24 hours after the last update and the picture seems clearer and, as of now, in a more positive direction.
Yesterday sucked. We’ve seen Noah sick, puking, low energy and such throughout the rounds but, all things considered, his treatments have gone about as well as you can ask for. This is the first time he’s caught a bacterial infection and the fever and headache have been intense.
The worst six hour period we’ve seen thus far was yesterday starting just before the CT scan. The trip down there, waiting in a wide open bay, and then moving around for the scan was particularly difficult to watch and I can’t imagine how bad he felt through it. That CT scan came back negative. I don’t think this surprised anyone, but they also don’t just order those things willy-nilly because you don’t want to miss on detection of a bleed. Chest imaging also came out clean.
He spent another couple hours in considerable discomfort before I think his body just gave way to some rest. The fever persisted and, since he couldn’t keep anything down, we suspect he wasn’t getting a full dose of Tylenol. Around 6:00pm yesterday, the temperature was all the way up above 105 with low blood pressure, high heart rate, and significant mottling of the skin. As such, it looked like he might be on a track to sepsis and in the ICU.
It apparently takes a bit of “making a case”, but staff were able to switch to IV Tylenol. Additionally, he received a “bolus” of fluids. He’s been getting 100mL of fluids each hour, but the bolus was 700mL in a single hour. Thankfully, an hour later that temperature was down to a normal range which was a massive relief.
He was monitored closely last night to see if the fever and blood pressure could be controlled. He was what they call a “watcher”, which means he might end up in the ICU during the night. As it happened, he successfully got through the night in this room. It seems the fever keeps spiking, but the Tylenol is able to take it down for a period. He gets that every 6 hours and has gotten to a normal range after about an hour, gets a couple “good” hours, and then the fever gets back up around 103. There is also an option to get chewable ibuprofen if the Tylenol doesn’t cut it. That carries risk as it thins blood, which is not a good mix with low platelets already struggling to clot blood. Thus far, we’ve been able to avoid the ibuprofen as well as any narcotics for headache/pain management.
And then a short time ago they were able to detect the specific strain of bacteria. It is Strep mitis, a normal bacteria that lives in the mouth and GI tract. Typically a mucus lining keeps that in check, but cytarabine damages that lining which gives the bacteria a direct pathway into the bloodstream. Couple that with no immune system and you’ve got a bad time.

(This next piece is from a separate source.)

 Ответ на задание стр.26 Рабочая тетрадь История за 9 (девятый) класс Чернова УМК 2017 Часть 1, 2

As mentioned previously, the vancomycin and cefepime were already what would be used to destroy the bacteria and that likely doesn’t change. Now that they’ve grown the bacteria they can do susceptibility testing on it to see which drugs it is and isn’t resistant to. Cefepime is typically the go-to drug for Strep mitis but, like all living things that replicate/reproduce, mutations can change what things it’s resistant or susceptible to. That testing is not done yet but, I think, will likely just guide whether there is, for example, less or more of vancomycin.
So the trend is better, but even as I was typing this up, he vomited and a fever is spiking to 103 as we approach the next dose of Tylenol. We’ll be watching the fever curve and the hope is that these spikes gradually become less, um, spikey, and that he can start eating and drinking — and keeping it down.

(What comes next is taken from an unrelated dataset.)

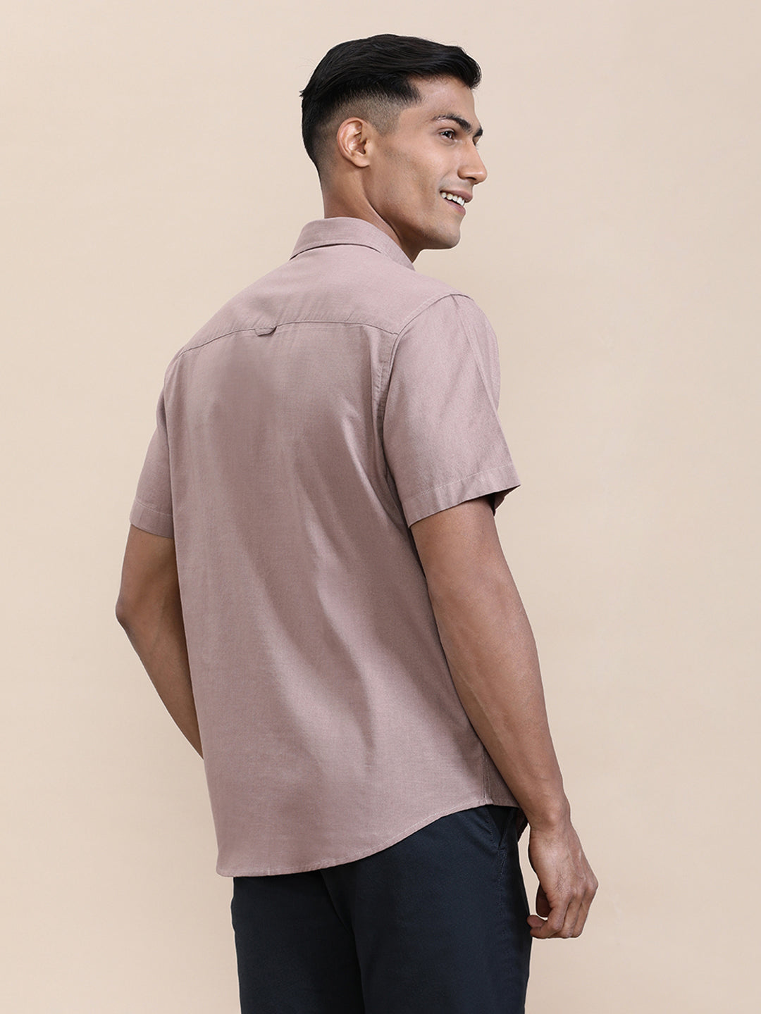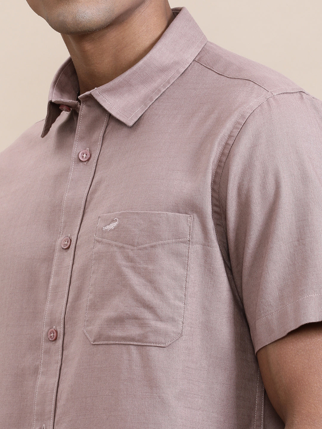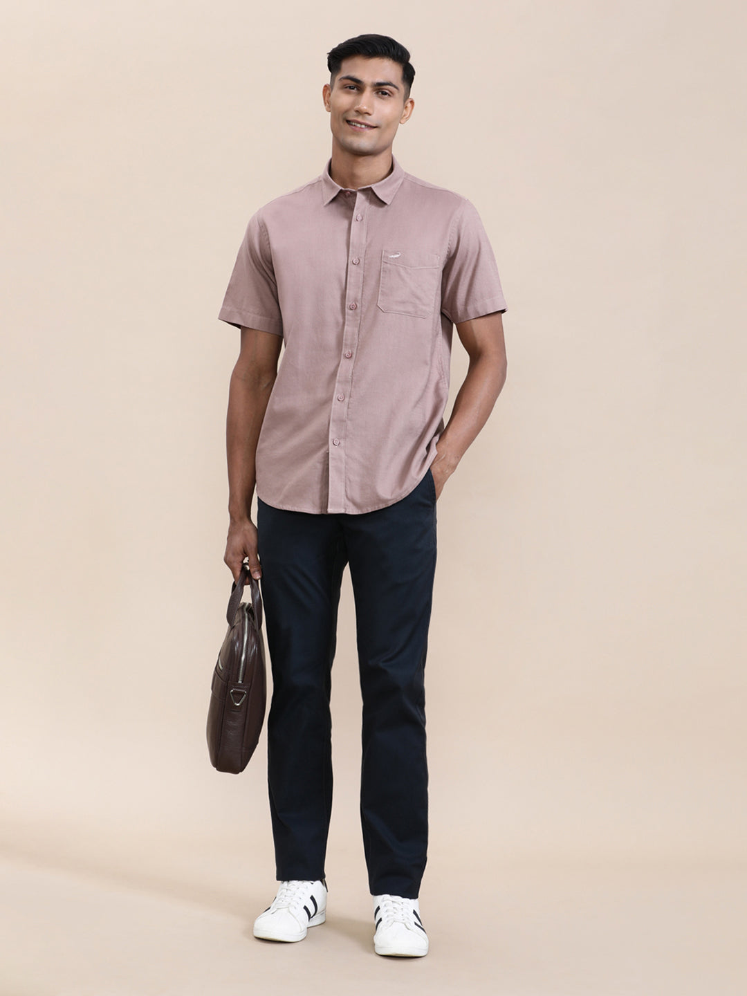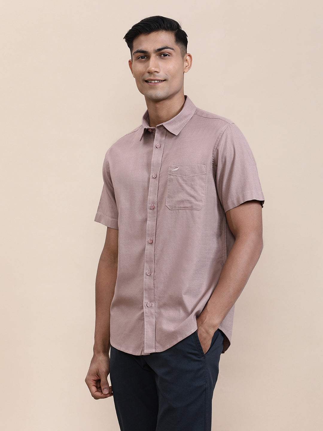 Pure Cotton Textured Half Sleeve Pink Shirt

In the labs this morning we see the first sign of some neutrophils coupled with monocytes. That’s a good thing, but the white blood count is so low that it’s also fairly negligible. Any white blood cells that are in the bloodstream are quickly commandeered to fight the bacteria so it slows down the whole count recovery process. Even so, if he was going to get this bacteria, it’s better to do so as count recovery is starting rather than a week ago at the nadir of counts. Platelets and hemoglobin keep taking hits and he received his second red blood cell transfusion of the round this morning.

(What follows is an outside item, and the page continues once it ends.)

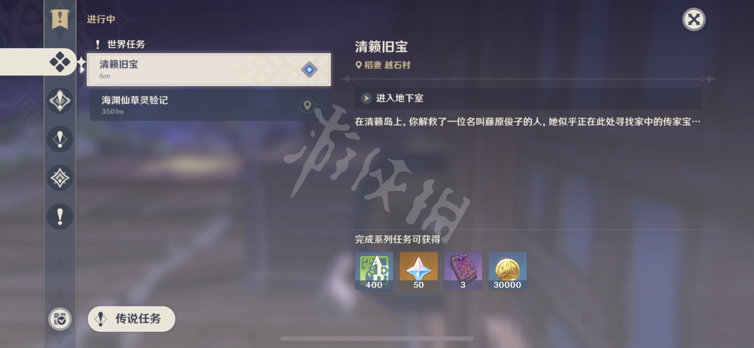 然后接取—清濑旧宝—这个任务。

Beyond the clinical part of looking for Noah to feel better, the thing I’ll be most curious about is the results of the susceptibility testing just to rule out something with unique drug resistance. Additionally, samples were taken today and they’ll start trying to grow more cultures. There’s always the chance yet another bacteria appears, but this will also inform whether the growth is slower with these samples. Slower growth would typically mean that the drugs are doing damage to the bacteria.
We’re not out of the woods, but I can tell you I feel a heck of a lot better about the situation than I did 24 hours ago. At least part of this is that we’ve just been real lucky avoiding a bacterial infection thus far so this is all new to us. ID (Infectious Disease) told us that it basically doesn’t happen for AML patients to avoid an infection through all five rounds. I guess we eventually obeyed that tradition. We’ll see how some of this testing comes out but, on its face, this is a relatively better bacteria to be dealing with when you’ve got no immune system.
That’s all for now. We love you all and over and out.